The time void between Christmas and New Year is the perfect time to try a one-day (or more) screen time fast. I have a friend with ADHD who went on a reality TV show deep in the jungle, where his phone (and all other modern conveniences) were taken from him for a whole month. When he emerged from the 30-day survival challenge, he said that the mental impact from going cold turkey on screens had a major impact on calming his nervous system and internal intensity. My friend said, even though he was using his phone again back in the 'real world', he was using it far less, feeling a ton better, and wouldn't never look at his phone (or other addictive technology) in the same way ever again.

If you can do 2-3 days, I'd recommend that - because often we spend the first day reaching on autopilot for our phone, but as time goes on we become used to it, and start to enjoy it and reap the true benefits.

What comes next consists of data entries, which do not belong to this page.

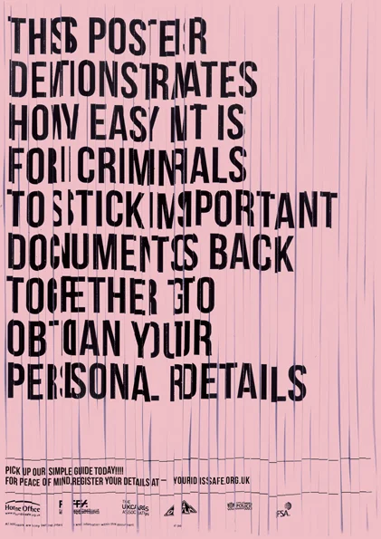 The selected theme was "Identity Theft," conveyed through a range of promotional materials including a booklet, poster, ATM stickers, and website, all aimed at advocating for identity safety. Each element was carefully designed to appear authentic, with subtle deviations hinting at potential threats. Information typically considered vital for protection, such as covering PIN numbers at ATM machines and shredding documents, was deliberately corrupted to encourage risky behavior. This approach served to highlight the importance of remaining vigilant and implementing secure practices to safeguard personal identity information.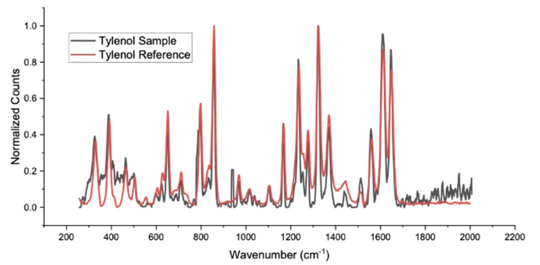 图1:拉曼光谱对比图,显示泰诺样品与参考标准的比较,展示了该技术通过特征性光谱指纹识别药物化合物的能力。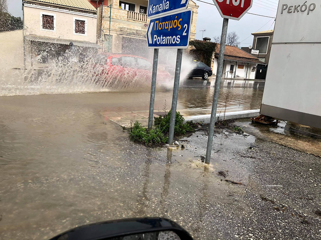 Πλημμυρικά φαινόμενα καταγράφηκαν για αρκετή ώρα νωρίς το απόγευμα στη διασταύρωση της εθνικής οδού Πέλεκα προς τα Κανάλια, αλλά και στον εσωτερικό δρόμο του Ποταμού.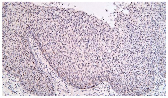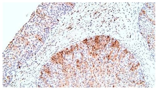 In the present case, p53 immunolabeling reveals a low presence of it (in less than 10% of the cells), more frequently in the case of squamous epithelia (tissue with more pronounced turnover), a fact that correlates with an increased potential for malignancy.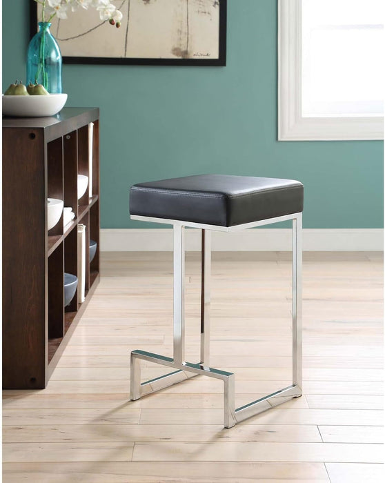Gervase Square Counter Height Bar Stool Black Chrome Leatherette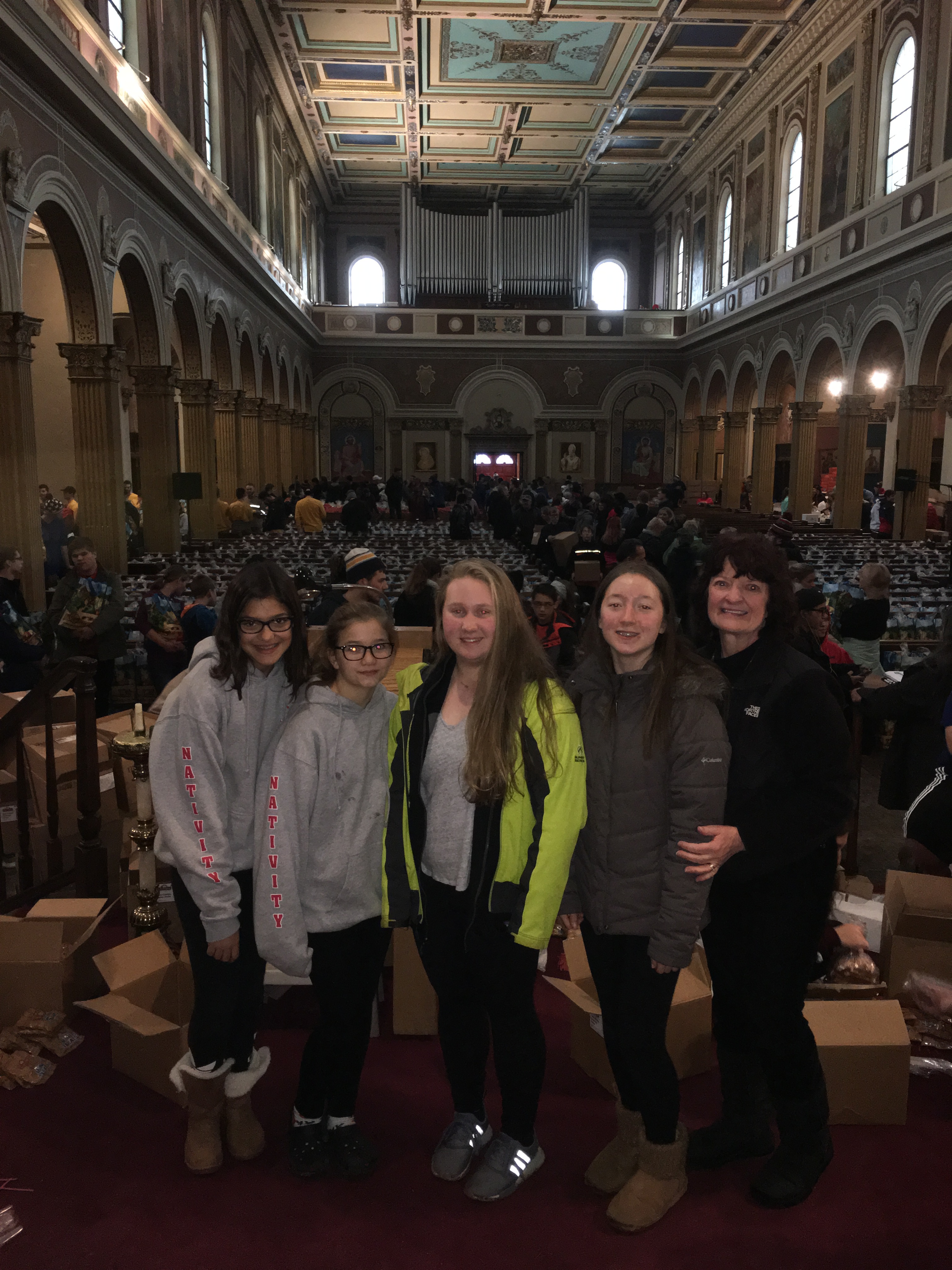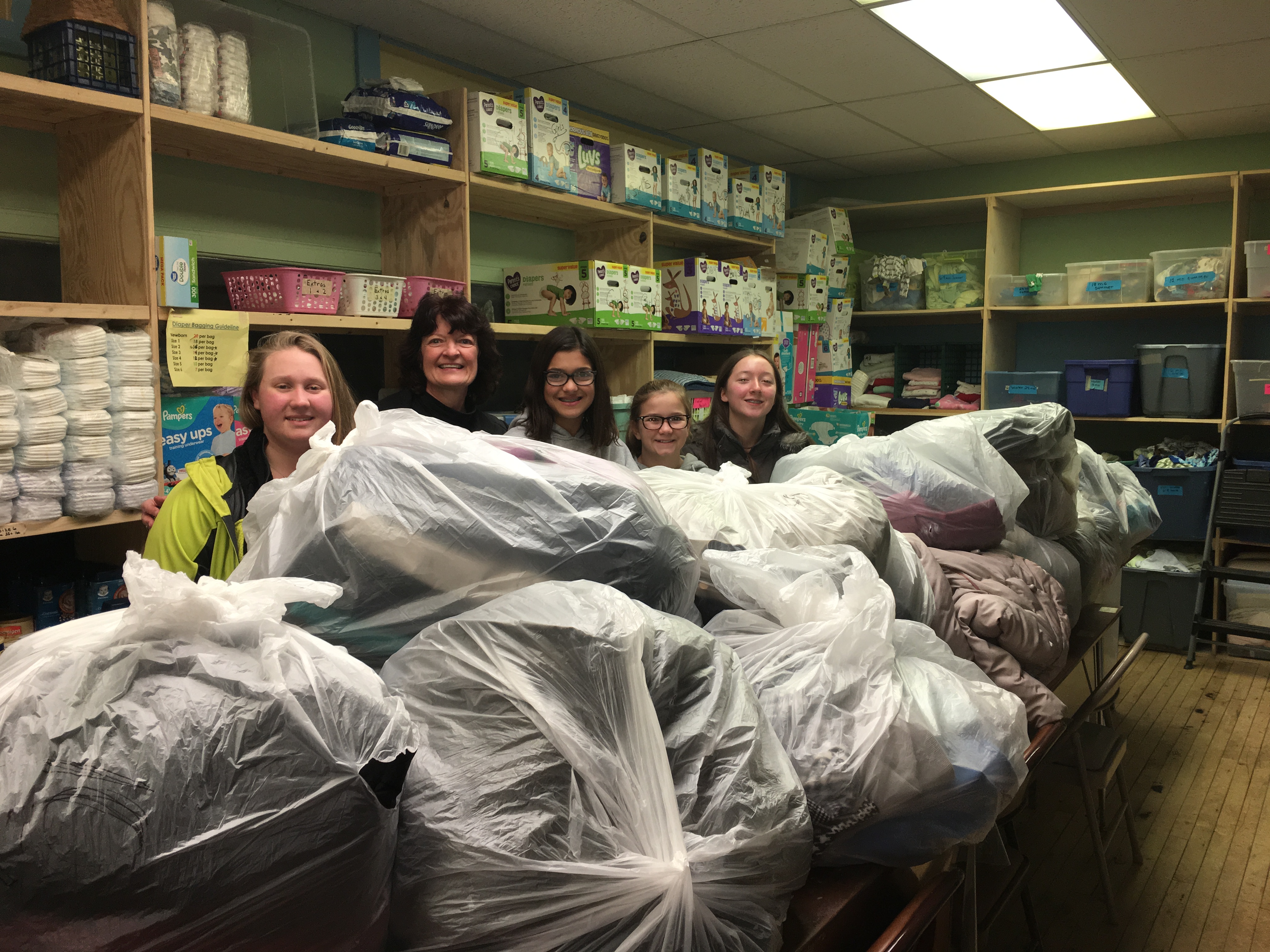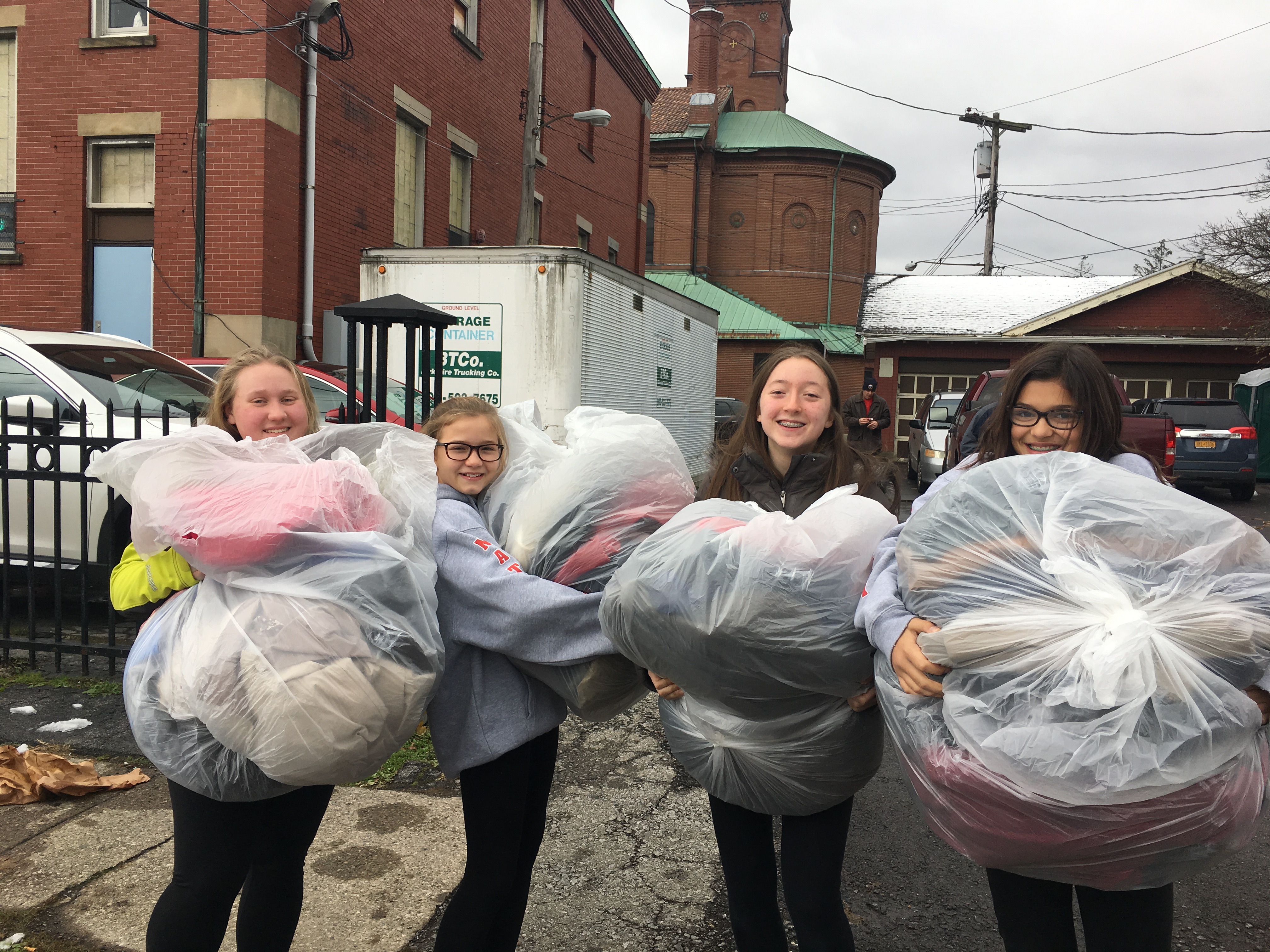 Because of the organization and work from the Girl Scouts and the generosity of the church, 265 coats were disbursed to the Harvest House, International Institute of Buffalo, and St. Luke’s Mission of Mercy. Caroline, Kaitlyn, Mia, and Natalie went to two of these facilities and got to see the results of their charitable work firsthand.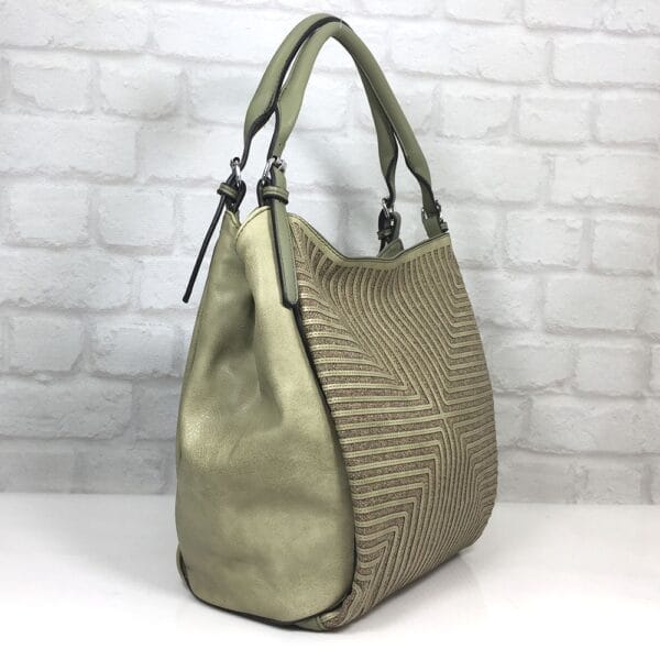 Еко кожа, предната част е на ленена основа гарнирана с кожени ивици, хастар-полиестер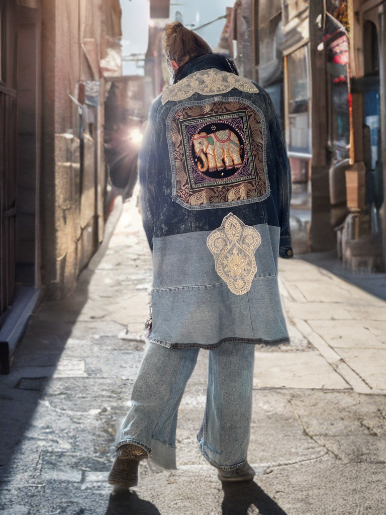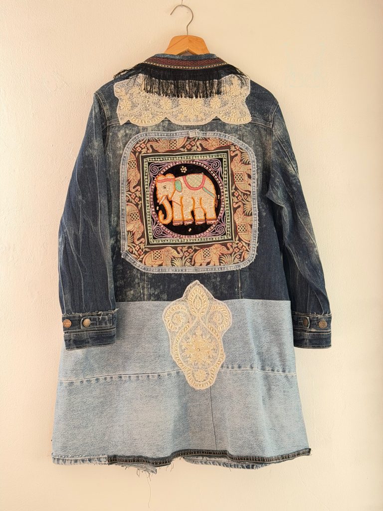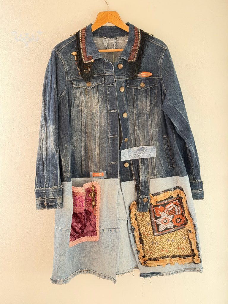 Vintage Denim, Baumwolle, Samt, Vintage Borten, textile Applikationen, handgeknüpfte Perlenstickerei, ein Handbesticktes Textil aus indischer Tradition – mit Pailetten belegt,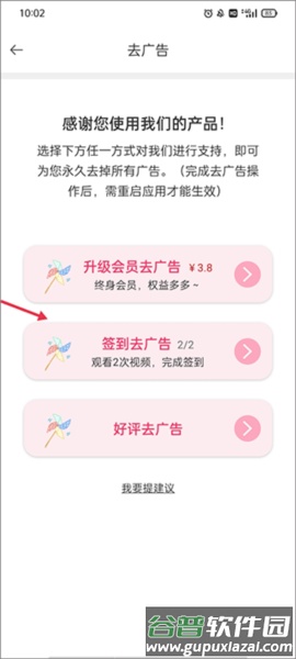 2、系统提供三种去除广告的方式,此处选择第二种“签到去广告”;

11. Focus on your long term 'self-care settings'

Once you've had some time to decompress and recharge during the holidays, you may want to focus on setting up some long term self-care supports to transition you into the new year. 'Self-care settings' are my way of thinking about more long term, invisible, background supports that contribute to self-care.

Some ideas are:

  • getting an app that turns your phone screen grey, so you use your phone less
  • switching off push notifications for social media
  • using a free inbox cleaner like Unroll.me to manage your email subscriptions
  • using the digital declutter or home declutter checklist in our ADHD planner
  • scheduling annual dentist appointments and skin care checks

12. Intentionally decide to have a sleep in

The holidays mean many of us take time off work, which is the perfect excuse to slow down and shift our circadian rhythms a little. This one may sound obvious, since ADHDers are notoriously not morning people, but the key here is that it's not an accidental sleep in we might feel guilty for, but an intentional sleep in that we plan the night before. Take an extra hour in bed pre-breakfast with a book, or simply pop on an eye mask and drown out the world a little longer. If you have young kids, ask your partner if you can trade mornings, and give each other time to sleep in.

You can also have an afternoon siesta or commit to an (actual) early night. The key is to plan it early in the day so you can look forward to it all day, as a yummy act of self-care.

So, those are my 12 top self-care tips for you this holiday season! Which one do you think you'll try first? Feel free to reach out on Instagram @future.adhd and let me know which ones felt best for your nervous system.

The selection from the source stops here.